*** Block opens ***
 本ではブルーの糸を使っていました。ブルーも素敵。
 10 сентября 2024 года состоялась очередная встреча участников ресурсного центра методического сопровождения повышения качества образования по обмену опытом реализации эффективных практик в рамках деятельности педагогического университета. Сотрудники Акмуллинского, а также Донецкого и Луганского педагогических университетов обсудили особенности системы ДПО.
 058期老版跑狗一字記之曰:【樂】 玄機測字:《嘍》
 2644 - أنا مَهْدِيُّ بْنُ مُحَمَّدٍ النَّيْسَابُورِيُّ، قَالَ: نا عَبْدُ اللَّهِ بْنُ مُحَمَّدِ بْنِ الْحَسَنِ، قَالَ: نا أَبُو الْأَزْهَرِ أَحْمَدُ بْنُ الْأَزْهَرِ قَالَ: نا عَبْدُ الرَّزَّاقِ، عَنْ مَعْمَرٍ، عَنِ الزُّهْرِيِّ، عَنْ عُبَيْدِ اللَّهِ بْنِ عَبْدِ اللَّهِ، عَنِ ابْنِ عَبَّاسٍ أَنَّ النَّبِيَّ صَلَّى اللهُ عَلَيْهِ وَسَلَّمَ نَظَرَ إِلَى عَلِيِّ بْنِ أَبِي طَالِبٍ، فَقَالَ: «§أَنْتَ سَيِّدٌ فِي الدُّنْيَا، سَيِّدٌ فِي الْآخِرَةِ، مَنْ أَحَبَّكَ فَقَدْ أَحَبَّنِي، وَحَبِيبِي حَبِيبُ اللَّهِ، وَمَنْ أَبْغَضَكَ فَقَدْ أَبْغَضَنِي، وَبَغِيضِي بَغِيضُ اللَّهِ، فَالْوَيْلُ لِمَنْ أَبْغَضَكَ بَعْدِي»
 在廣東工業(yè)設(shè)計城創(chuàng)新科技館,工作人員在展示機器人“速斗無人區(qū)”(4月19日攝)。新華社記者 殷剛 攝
*** Block closes ***
From first line to last, transcribe the material exactly.

 本ではブルーの糸を使っていました。ブルーも素敵。
 10 сентября 2024 года состоялась очередная встреча участников ресурсного центра методического сопровождения повышения качества образования по обмену опытом реализации эффективных практик в рамках деятельности педагогического университета. Сотрудники Акмуллинского, а также Донецкого и Луганского педагогических университетов обсудили особенности системы ДПО.
 058期老版跑狗一字記之曰:【樂】 玄機測字:《嘍》
 2644 - أنا مَهْدِيُّ بْنُ مُحَمَّدٍ النَّيْسَابُورِيُّ، قَالَ: نا عَبْدُ اللَّهِ بْنُ مُحَمَّدِ بْنِ الْحَسَنِ، قَالَ: نا أَبُو الْأَزْهَرِ أَحْمَدُ بْنُ الْأَزْهَرِ قَالَ: نا عَبْدُ الرَّزَّاقِ، عَنْ مَعْمَرٍ، عَنِ الزُّهْرِيِّ، عَنْ عُبَيْدِ اللَّهِ بْنِ عَبْدِ اللَّهِ، عَنِ ابْنِ عَبَّاسٍ أَنَّ النَّبِيَّ صَلَّى اللهُ عَلَيْهِ وَسَلَّمَ نَظَرَ إِلَى عَلِيِّ بْنِ أَبِي طَالِبٍ، فَقَالَ: «§أَنْتَ سَيِّدٌ فِي الدُّنْيَا، سَيِّدٌ فِي الْآخِرَةِ، مَنْ أَحَبَّكَ فَقَدْ أَحَبَّنِي، وَحَبِيبِي حَبِيبُ اللَّهِ، وَمَنْ أَبْغَضَكَ فَقَدْ أَبْغَضَنِي، وَبَغِيضِي بَغِيضُ اللَّهِ، فَالْوَيْلُ لِمَنْ أَبْغَضَكَ بَعْدِي»
 在廣東工業(yè)設(shè)計城創(chuàng)新科技館,工作人員在展示機器人“速斗無人區(qū)”(4月19日攝)。新華社記者 殷剛 攝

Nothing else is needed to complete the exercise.